When a dark star, or for that matter any star, falls into a nebula it will keep on soaking up the hydrogen and other matter there, till the nebula is no more. If it was dark, it becomes bright; if it was small, it becomes bigger. As we have seen, nebulas form from supernovas, and collection from the ionic winds from the living stars. It is one grand, never-ending cycle.

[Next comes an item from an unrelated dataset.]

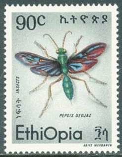 Visibility: public Image owner: none postage 9/30/1977 90c multi dt=insects (1977 Ethiopia) d=Pepsis dedjaz unwmk Crops No visible images cropped from this one. Measurements Resolution is unknown. Source Source name: Colnect File URL: http://i.colnect.net/b/1743/088/Spider-hunting-Wasp-Hemipepsis-dedjaz.jpg Uploaded September 16, 2014, 10:47 pm by Stan Shebs |
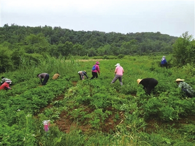 本报讯(记者 叶子 通讯员 谢泽禧)5月25日,在高铁岭镇石泉村中药材基地,一幅热火朝天的劳作景象映入眼帘。两三百亩的中药材地里,数十名村民正弯着腰,专注地进行除草作业,为中药材的茁壮成长“保驾护航”。

We now deal with a key issue about stars – certainly the most fundamental issue in our alternative explanation for solar energy and novae and supernovae. It is about discussing for viability, the formation of the hydrogen core for the star, which is the current scientific notion. How is that even possible? We shall examine this with some minuteness in the next section.

Cheers,
Arindam Banerjee
Melbourne 27/10/2020

Explaining nova and supernova with new physics theories – 15
The Cause of the Supernova – 3; The core of stars


The current scientific understanding about the supernova’s impact upon the creation of the stars and planets is that the material ejected from the dying star contains elements heavier than hydrogen, going up to Uranium. These are supposed to be formed from the fusion process underlying the energy of the supernova. The star was composed of hydrogen initially; by the internal fusion processes happening at the core, starting from hydrogen to helium, from helium to heavier elements, ultimately to iron, makes the core fully iron; somehow that iron core collapses due to gravity to form a neutron star or a black hole. The resulting gap in space caused by this sharp collapse releases the gravitational potential energy of the star. In other words, the material on top of the core falls down to the core. With this fall, the gravitational potential energy gets transformed to kinetic energy, with all the outer material bouncing back from the neutron star or black hole. This kinetic energy seeds the fusion process for the hydrogen to helium and from there to all the other elements in the periodic table, creating the stupendous energy from fusion till the level of iron is reached; from there, fusion absorbs energy, but with so much energy around the mutation to elements with higher atomic numbers is possible. All this matter is cast out into space, to form a nebula which is mostly composed of hydrogen.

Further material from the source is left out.